Segments SMILES strings of ligands into chemical words and applies label encoding. Truncation and padding are also applied to prepare ligands for training and/or prediction.

Parameters:

Name	Type	Description	Default
`ligands`	`List[str]`	The SMILES strings of ligands.	required

Returns:

Type	Description
`np.array`	An \(N \times max\_smi\_len\) (\(N\) is the number of the input ligands) matrix that contains label encoded sequences of chemical words.

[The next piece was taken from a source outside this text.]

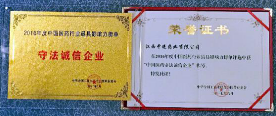 6月,中進藥業榮獲“中國醫藥行業醫藥商業50強企業”、“中國醫藥行業成長50強企業”、“中國醫藥行業守法誠信企業”三項全國工商聯醫藥商會2016年度中國醫藥行業最具影響力榜單。
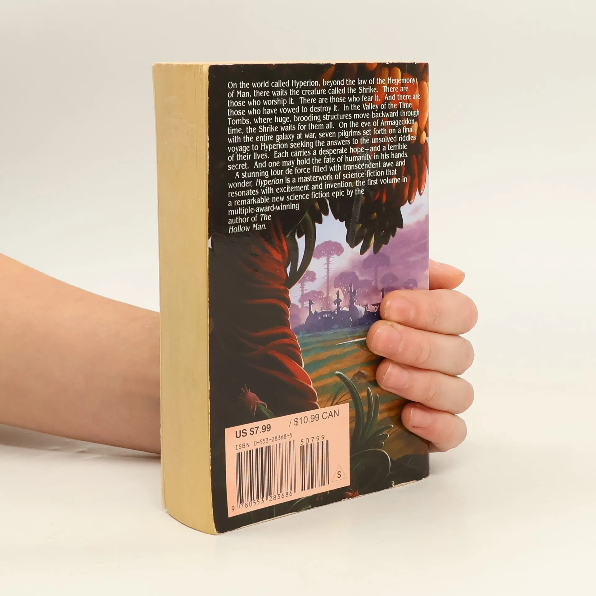 A stunning tour de force filled with transcendent awe and wonder, Hyperion is a masterwork of science fiction that resonates with excitement and invention, the first volume in a remarkable epic by the multiple-award-winning author of The Hollow Man. On the world called Hyperion, beyond the reach of galactic law, waits a creature called the Shrike. There are those who worship it. There are those who fear it. And there are those who have vowed to destroy it. In the Valley of the Time Tombs, where huge, brooding structures move backward through time, the Shrike waits for them all. On the eve of Armageddon, with the entire galaxy at war, seven pilgrims set forth on a final voyage to Hyperion seeking the answers to the unsolved riddles of their lives. Each carries a desperate hope—and a terrible secret. And one may hold the fate of humanity in his hands. Praise for Dan Simmons and Hyperion “Dan Simmons has brilliantly conceptualized a future 700 years distant. In sheer scope and complexity it matches, and perhaps even surpasses, those of Isaac Asimov and James Blish.”—The Washington Post Book World “An unfailingly inventive narrative . . . generously conceived and stylistically sure-handed.”—The New York Times Book Review “Simmons’s own genius transforms space opera into a new kind of poetry.”—The Denver Post “An essential part of any science fiction collection.”—Booklist

Source code in pydebiaseddta/predictors/bpedta.py

def vectorize_ligands(self, ligands: List[str]) -> np.array:
    """Segments SMILES strings of ligands into chemical words and applies label encoding.
    Truncation and padding are also applied to prepare ligands for training and/or prediction.

    Parameters
    ----------
    ligands : List[str]
        The SMILES strings of ligands.

    Returns
    -------
    np.array
        An $N \\times max\\_smi\\_len$ ($N$ is the number of the input ligands) matrix that contains label encoded sequences of chemical words.
    """        
    smi_to_unichar_encoding = load_smiles_to_unichar_encoding()
    unichars = smiles_to_unichar_batch(ligands, smi_to_unichar_encoding)
    word_identifier = load_chemical_word_identifier(vocab_size=8000)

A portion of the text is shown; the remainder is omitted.